At that time, Dr Lockhart cautioned, in an interview with this newspaper, that Jamaica was at risk of missing the boat, and forewarned: “All the big countries are going to be ahead of us and we could end up importing ganja products, if we keep stalling.”
We were brought back to this prophetic utterance, made almost nine years ago, by the recent brouhaha over the granting by the Cannabis Licensing Authority (CLA) of a permit to a local company, Cannaviva Jamaica Limited, to import cannabis from Canada.
The granting of the import permit sparked outrage, particularly among small ganja farmers, on grounds that Canada does not import cannabis from Jamaica and so Jamaica should reciprocate.
Senator Aubyn Hill, the minister of industry, commerce, and investment under whose portfolio the CLA falls, has assured the country that he knows nothing of a ban in Canada on Jamaican cannabis.
That has not stopped Mr Hill’s Opposition counterpart Mr Anthony Hylton from weighing in on the side of the ganja farmers and condemning the Government for granting the import licence.
It has not helped that Prime Minister Andrew Holness, in his budget speech to Parliament last week, threw Mr Hill under the bus by declaring: “I agree with the farmers – It’s not the minister’s fault, but he’s responsible.”
Dr Lockhart’s 2014 warning has come to pass, and that means that Jamaica is now pretty much half a century behind where he and his research partners were when they pioneered Canasol for glaucoma and Asmasol for asthma in the early 1970s.
The nascent ganja industry here is ruled by sentiment and politics, and not by serious trade principles.
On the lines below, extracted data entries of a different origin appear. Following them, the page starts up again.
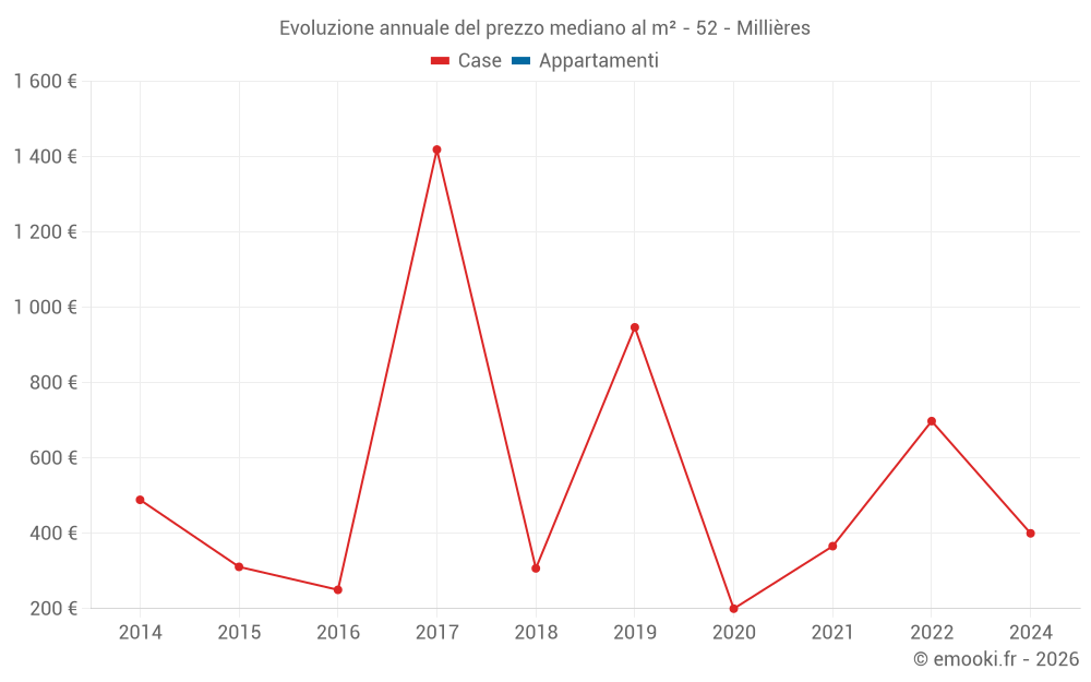 Evoluzione del prezzo mediano al m² degli appartamenti
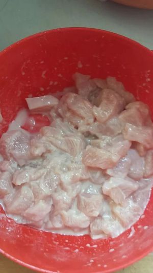 鸡腿肉切小块用蛋清生粉抓匀腌制半小时
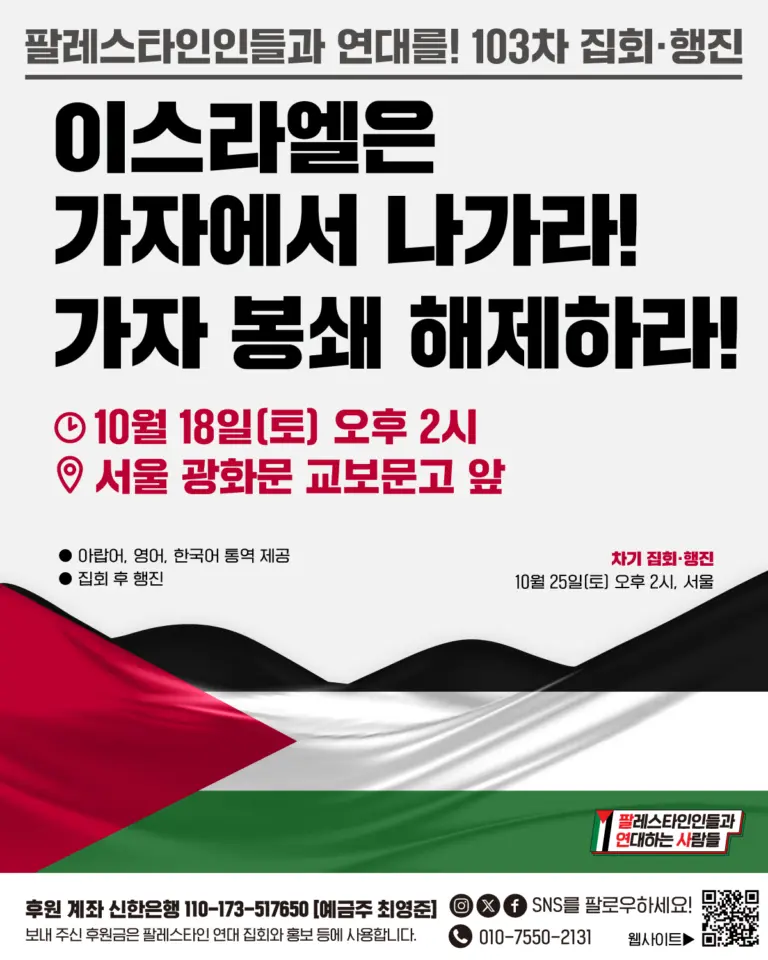🎙 “[10월 18일 집회 당일] 불과 몇 시간 전, 휴전이 발표된 직후 집으로 돌아가던 한 가족이 이스라엘의 폭격으로 전멸했습니다. 단 한순간에 11명이 목숨을 잃었습니다. 그저 전쟁이 끝났다고 믿었을 뿐이었습니다. 이것은 실수가 아니라, 점령의 거짓을 드러내는 새로운 범죄입니다.”

We do not expect that it would have been easy-going, but neither should we have been this far behind.
Whether Canada imports Jamaican cannabis or does not should not prevent local companies from doing business with that North American country. No country is under any obligation to buy goods from us; just as we are not obligated to buy from them. Canada buys many products from us without demanding that we buy similar goods from them.
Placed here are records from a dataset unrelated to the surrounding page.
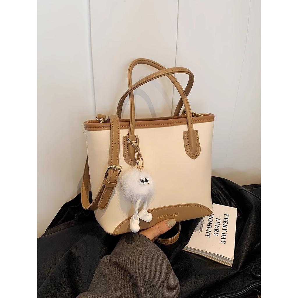 High-end contrasting color small bag women 2025 new popular foreign versatile messenger bag fashion handbag bucket bag
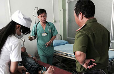 Ông N. bị ngất xỉu tại công an phường Phú Hài và được lực lượng công an đưa đến bệnh viện cấp cứu. (Hình: Pháp Luật Sài Gòn)
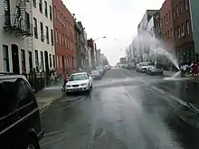 Newspapers around the country published UPI and the Associated Press's photos of Bushwick residents with stolen items and a police officer beating a suspected looter, and Bushwick became known for riots and looting.[52] Fires spread to many residential buildings as well. After the riots were over and the fires were put out, residents saw unsafe dwellings and empty lots among surviving buildings, leading one author to describe the scene as "some streets that looked like Brooklyn Heights, and others that looked like Dresden in 1945":[51]: 181 The business vacancy rate on Broadway reached 43% in the wake of the riots.[47]
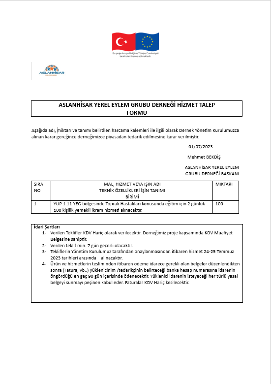 YEG bölgesinde Toprak Hastalıkları konusunda eğitim için 2 günlük 100 kişilik yemekli ikram hizmeti alınacaktır.
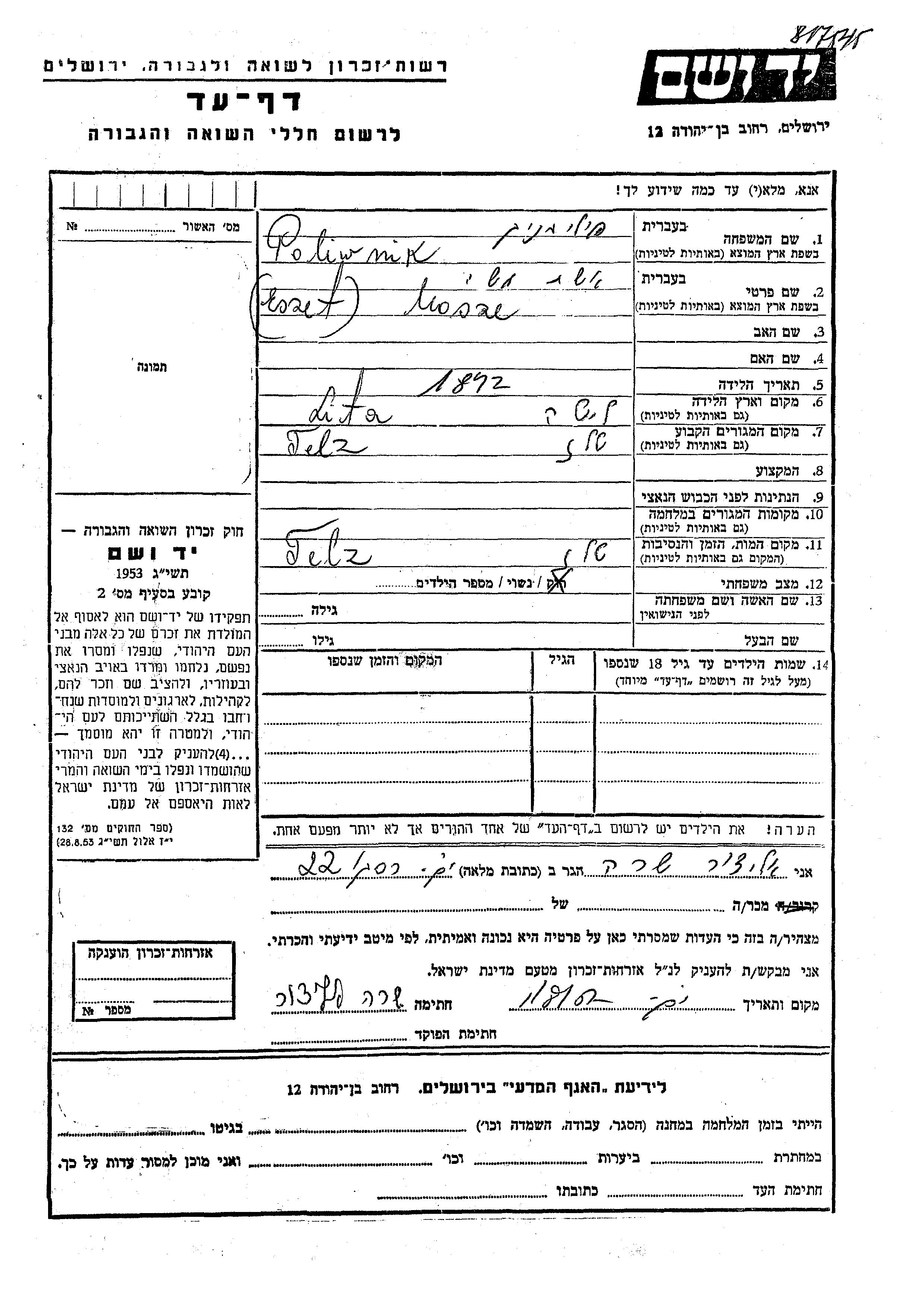 Vorname unbekannt Polimnik wurde im Jahr 1892 in Litauen geboren. Sie war mit Mosze Verheiratet. Vor dem Zweiten Weltkrieg lebte sie in Telz, Litauen.
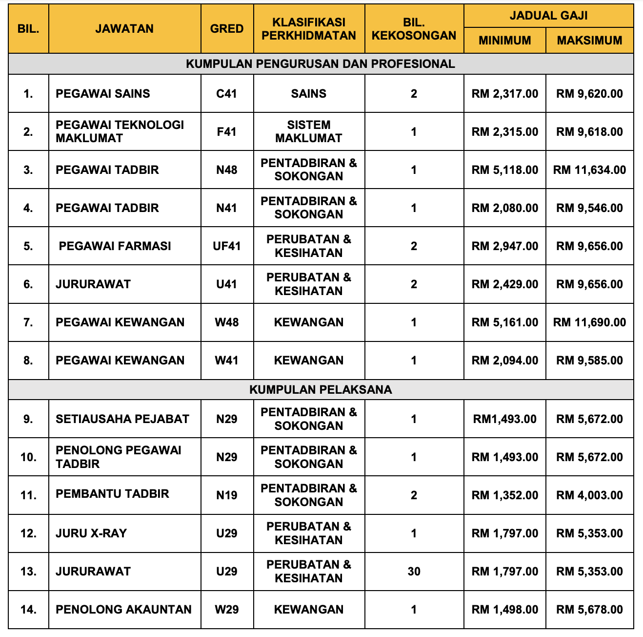 Jawatan kosong terkini yang diiklankan adalah seperti berikut:
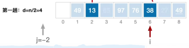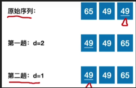 - 值得注意的是:这里的算法思路在处理第二趟的元素时和我们的之直接插入排序略有不同

Moreover, the leadership of the ganja industry must tell the small traditional farmers the truth. As they operate in their disparate hills and valleys it will take time to get them up to scratch to become formal traders in ganja. The business model that is necessary for now is that they should sell their ganja to the bigger farmers at a fair price.
When the hotel industry ran into problems trying to buy agricultural products from small farmers who could not produce in sufficient quantities and on time, the big hoteliers had to save them by encouraging them to sell their cash crops to one big distributor.
Let’s forget the sentimentality about small ganja farmers becoming big time exporters overnight, and keep the politicking out of the ganja industry which, we all know, is simply about vote-getting.
Otherwise, let us prepare to remain right where we are for another 50 years.